Krama's rule

The Krama rule is a rule for predicting the stereoselectivity of nucleophilic attachment to a carbonyl group located near the chiral center (1,2-asymmetric induction). It was first formulated by Donald James Crum in 1952 due to the generalization of experimental data available at that time ^[1] .

Content

Models

The Kram rule is based on the concepts of the conformation of carbonyl compounds and the nature of the substituents at the chiral carbon atom. It involves the following assumptions:

the compound is in such a conformation in which the oxygen atom of the carbonyl group is located between the small (R _S ) and medium-sized (R _M ) substituents at the chiral carbon atom;
the approach of the reagent – nucleophile to the carbonyl group is possible on both sides, but it is mainly carried out on the side of the smaller substituent R _S ^[2] .

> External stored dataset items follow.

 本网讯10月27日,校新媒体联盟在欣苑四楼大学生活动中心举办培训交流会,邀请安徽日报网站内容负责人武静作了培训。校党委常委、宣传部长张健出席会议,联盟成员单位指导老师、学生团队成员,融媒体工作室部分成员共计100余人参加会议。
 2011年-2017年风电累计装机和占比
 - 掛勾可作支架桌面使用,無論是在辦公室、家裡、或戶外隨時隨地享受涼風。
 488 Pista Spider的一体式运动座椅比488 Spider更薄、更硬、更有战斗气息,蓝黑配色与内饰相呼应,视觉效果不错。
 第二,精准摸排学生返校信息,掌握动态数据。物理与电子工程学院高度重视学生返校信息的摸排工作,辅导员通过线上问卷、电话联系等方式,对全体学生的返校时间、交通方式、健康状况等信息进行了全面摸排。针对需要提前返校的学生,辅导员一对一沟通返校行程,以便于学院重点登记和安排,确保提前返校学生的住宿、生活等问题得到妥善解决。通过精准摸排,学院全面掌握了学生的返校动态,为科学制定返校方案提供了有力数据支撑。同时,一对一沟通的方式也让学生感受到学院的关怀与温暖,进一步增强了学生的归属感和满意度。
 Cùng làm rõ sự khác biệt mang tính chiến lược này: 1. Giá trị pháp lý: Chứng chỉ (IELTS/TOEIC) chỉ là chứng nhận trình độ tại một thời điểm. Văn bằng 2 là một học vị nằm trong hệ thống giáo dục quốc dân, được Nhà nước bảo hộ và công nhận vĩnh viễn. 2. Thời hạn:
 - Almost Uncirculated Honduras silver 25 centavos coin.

Such a model is applicable only to carbonyl compounds with non-polar substituents. If the adjacent chiral center contains a hydroxyl, alkoxy or amino group that can provide a coordination bond with the counterion of the nucleophilic reagent, then another model, the Krama model with chelation proposed in 1959, should be used. It is distinguished by the fact that in this case the polar substituent X and the carbonyl group are in a blocked position, and the attack of the nucleophile is accomplished with the least steric obstacles from the lesser substituent ^[1] .

Disadvantages

The Krama model turned out to be based on simplified and incorrect premises, but at one time it served as a good tool for predicting the stereochemistry of nucleophilic addition reactions and demonstrated the fundamental possibility of explaining the results obtained using fairly simple considerations ^[2] .

The Krama model contained significant flaws:

within the framework of this model, the conformations of the initial compound and the transition state were identified;
the conformation of the substrate was erroneously represented (a conformation in which the most bulky substituent and the carbonyl group are in a mutually perpendicular position) is advantageous;
The possibility of the reaction was considered incorrectly only for one conformational state of the substrate (in fact, conformational transitions that have a lower activation energy than the reaction itself are possible) ^[2] .

At present, other models are used for the case of 1,2-asymmetric induction (mainly the Felkin-Ana model) ^[1] .

Notes

² ¹ ² ³ Cram's Rule // Comprehensive Organic Name Reactions and Reagents. - John Wiley & Sons, 2010. - DOI : 10.1002 / 9780470638859.conrr167 .
² ¹ ² ³ Smith, Dilman, 2009 , p. 148-149.

Literature

Cram DJ, Abd Elhafez FA Studies in Stereochemistry. X. The Rule of “Steric Control of Asymmetric Induction” in the Syntheses of Acyclic Systems (Eng.) // J. Am. Chem. Soc. - 1952. - Vol. 74 , no. 23 . - P. 5828-5835 . - DOI : 10.1021 / ja01143a007 .
Smith, V.A., Dilman, A.D. Chapter 6.6.1. Krama's rule // Basics of modern organic synthesis. - M .: Bean. Laboratory of Knowledge, 2009. - 750 p. - ISBN 978-5-94774-941-0 .

[CONRR-1] ² ¹ ² ³ Cram's Rule // Comprehensive Organic Name Reactions and Reagents. - John Wiley & Sons, 2010. - DOI : 10.1002 / 9780470638859.conrr167 .

[_a5611da5031e8cf0-2] ² ¹ ² ³ Smith, Dilman, 2009 , p. 148-149.